When spring rolls around, I think of asparagus and ramps and morels.  But I also think of butter.  Lots and lots of wonderful butter, but not in the way you might suspect.  I think of beurre fondue, the butter and water emulsion that I prefer to use to cook these wonderful spring goodies.

You may not have heard of beurre fondue unless you’re a culinary school grad or a food geek, but you know about it if you’ve ever heard the term “butter poached.”  This is what Thomas Keller uses to butter poach his lobster, although I think he uses a slightly more concentrated form of emulsion.  He calls it beurre monte’, but I really can’t figure out if there’s any difference between these butter sauces.

Regardless, I first learned about beurre fondue 10 years ago when Tom Colicchio’s first book, Think Like a Chef, came out.  This is one of my all-time favorite cooking books, as so much of it focuses on technique, flavor profiles, and other culinary basics.  Beurre fondue is just butter that has been emulsified into boiling water.  The technique is simple: Get about half to 3/4 of an inch of water boiling in a small saucepan. Whisk in unsalted butter about a tablespoon at a time. Continue adding the butter until you’ve added anywhere from 12 to 16 tablespoons. If droplets begin to form, add a bit more water, as that’s a sign you’ve evaporated too much water.

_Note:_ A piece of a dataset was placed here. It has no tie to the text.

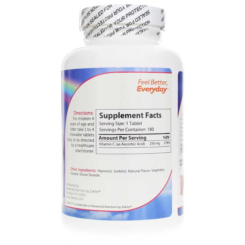 - Vitamin C functions as a powerful antioxidant, immune booster and improves iron absorption. Junior C contains 250 mg of Vitamin C in a delicious orange-flavored tablet.
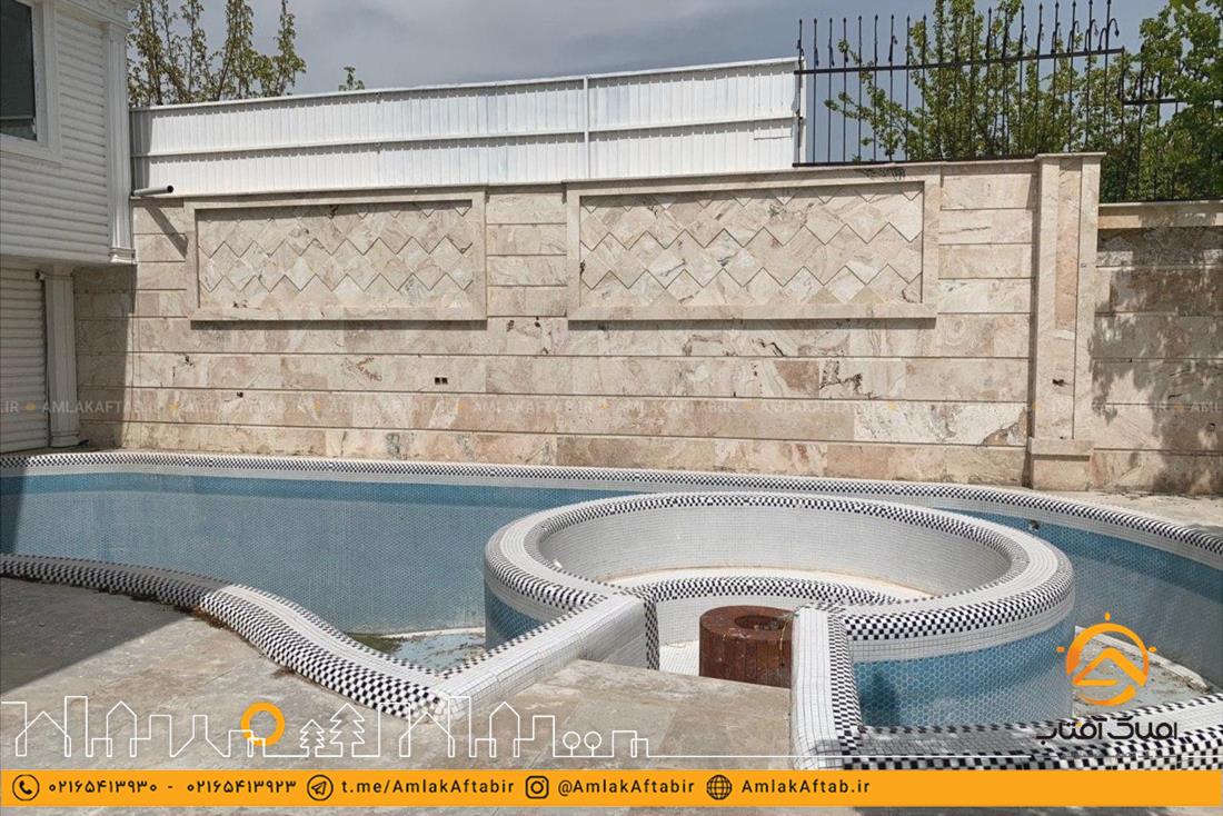 فروش باغ ویلا با مساحت 800 متر در منطقه ویلایی لم آباد شهرستان ملارد، دارای 170 متر ویلا دوبلکس با دو اتاق خواب مستر ، سنددار با انشعابات کامل در داخل یک مجموعه ویلایی با نگهبانی 24 ساعته می باشد. در فضای باغ محوطه سازی انجام شده و درختان میوه مثمری نیز در آن قرار دارد. این باغ ویلا نیز دارای استخر با تجهیزات کامل در مجاورت ویلا می باشد.

Now, take some asparagus, peas, fish, mushrooms, whatever and poach it at a very gentle simmer in this ultra-rich sauce (transfer it to a wider skillet). You’ll end up with the most delicious, decadent (but seemingly light) dish you can imagine.

Some folks par-cook their food first and finish it in the beurre fondue, but I love to cook it from beginning to end.   I particularly like to cook morels in this sauce, as the final flavor is heavenly.  I recently made a dish of mahi-mahi with morels, shallots and local asparagus, with all the vegetables cooked in the beurre fondue.  I served the dish in shallow bowls, making sure there was plenty of the butter sauce to go around.  It was spring on a plate and one of the best tasting things I’ve ever made.